1周年記念ではいろいろなところがパワーアップ!

――1周年ではさまざまな施策があるということで、改めてご紹介お願いできますでしょうか。

 6大新規アプデを実施しています。まずは、イングラシア王国のエリアが追加されて、国の外に出られるようになりました。自分の国ではないので建国はできませんが、イングラシアで起きる国交物語があり、それをクリアしていくと国交レベルが上がって機能が解放されたり貿易したりできるようにもなっています。

 あとは、英傑杯というPvPコンテンツが実装されました。他の盟主と対戦をして、自分の国のランクを上げて報酬を獲得するコンテンツです。英傑杯では“英傑杯特性”というここでしか発動しないスキルとして、相手の加護を封印するなど、独自のバトル新要素も追加されています。バトル形式は、リーグ戦を行ったあとにランキング戦を行う形です。

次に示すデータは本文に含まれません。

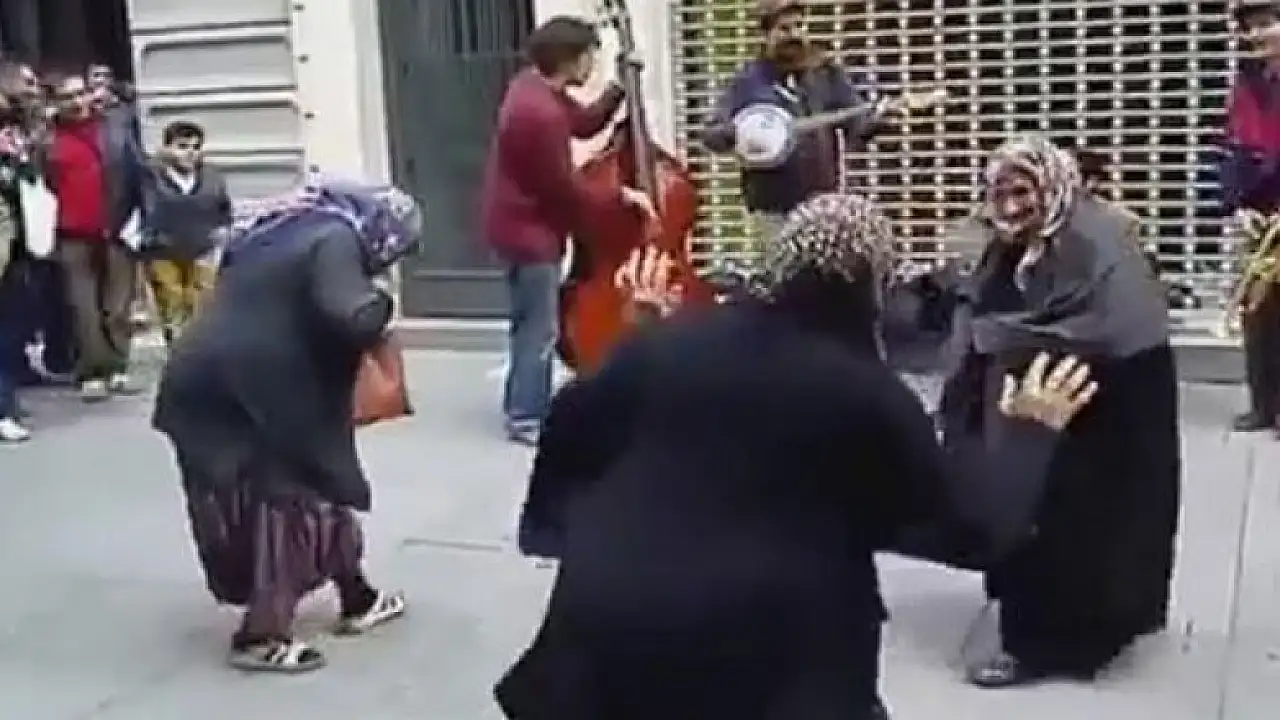 Taksim İstiklal Caddesi'nde mendil satan teyzeler, caz çalan orkestraya danslarıyla eşlik etti. Mendilci teyzelerin caz müzik eşliğindeki dansı sosyal medyada büyük ilgi gördü

 育成面では、“刻印符”というものが追加されて、キャラクターに追加能力を付与できるようになりました。また、過去のキャラクターも“英傑特性”を付けることでバランス調整して、引き続き使えるようにしていきます。

 続いては新イベントです。ここでは、リムルとアナザーリムルが衝突するキービジュアルとなっています。キャラクターは、配布キャラクターとしてイジス。スカウトキャラクターとしてヴェルドラ、リムル、ミリムが登場します。ミリムは覚醒1回分のアイテムが手に入るミッションを開催予定です。演出や絵も凝ったものになっているので、ぜひ入手していただければと思います。

 他にも、キャラクターを選択できるチケットを配布したり、ストーリーでアナザーリムルとアナザークレイマンが登場したり、1周年は見どころ満載でお届けしていきます。

 さらに、1周年では100大施策を実施予定です。すでに発表されていますが、これは4カ月にかけて続々と行っていくものになります。はじめしゃちょーさんが出演するTV-CMを放送したり、熊田茜音さんと寺島拓篤さんの新主題歌『VISIONS(feat. 寺島拓篤)』を解禁したり、最大100連分のスカウトが引けるキャンペーンの実施や周年スカウトである“魔王竜祭スカウト”では星5の排出率を5%に上げたり、こういった施策が4カ月間続いていきます。

――CMではじめしゃちょーさんを起用したのはどのような経緯があったのでしょうか?

 CM内容を検討しているときに、はじめしゃちょーさんが『転スラ』を好きだという情報を耳にしまして、スライムを被ったイメージがあることやターゲット層への影響力に期待して起用を決めました

――11月には劇場版が公開されましたし、1周年でもあるこのタイミングでゲームを始める人も多いと思います。そういった方向けの施策は用意されていますか?

 劇場版などをきっかけにゲームを始める人向けに、初心者用ミッションは随時用意していく予定です。あとは友達紹介キャンペーンを追加する予定で、友達を招待すると魔晶石がもらえるというキャンペーンです。仲間内で誘い合って遊んでもらえれば、スカウト最大30連分の魔晶石が手に入ります。

 11月25日に公開された劇場版については入場者特典が配布されまして入場者特典のまおりゅうのページにあるコードを打ち込むと特別なリムルが手に入るキャンペーンを行います。劇場版を見に行かれた方は、ぜひ手に入れていただきたいですね。

――次の1年では、どのような施策を用意されているのでしょうか? 現時点で話せる範囲で構いませんので教えてください。

  『転スラ』のファンの方であれば「おっ?」となるようなものを用意しています。『まおりゅう』を続けていただければ、ずっと楽しい気分で遊んでもらえるかと。『転スラ』好きであれば、ずっと喜んでもらえるようなコンテンツを提供し続けられると思いますので、期待してお待ちいただければと思います。

――最後にゲームをプレイしているファンに向けてメッセージをお願いします。

 『転スラ』という作品を楽しむうえで、『まおりゅう』が側にあるとおもしろさが倍増する。そんな存在であれるように、開発一同前のめりで、全力で取り組んでいます。そこに一緒についてきて、走ってもらえると嬉しい限りです。これからも盟主の皆様と一緒に建国譚を紡いでいければと思います。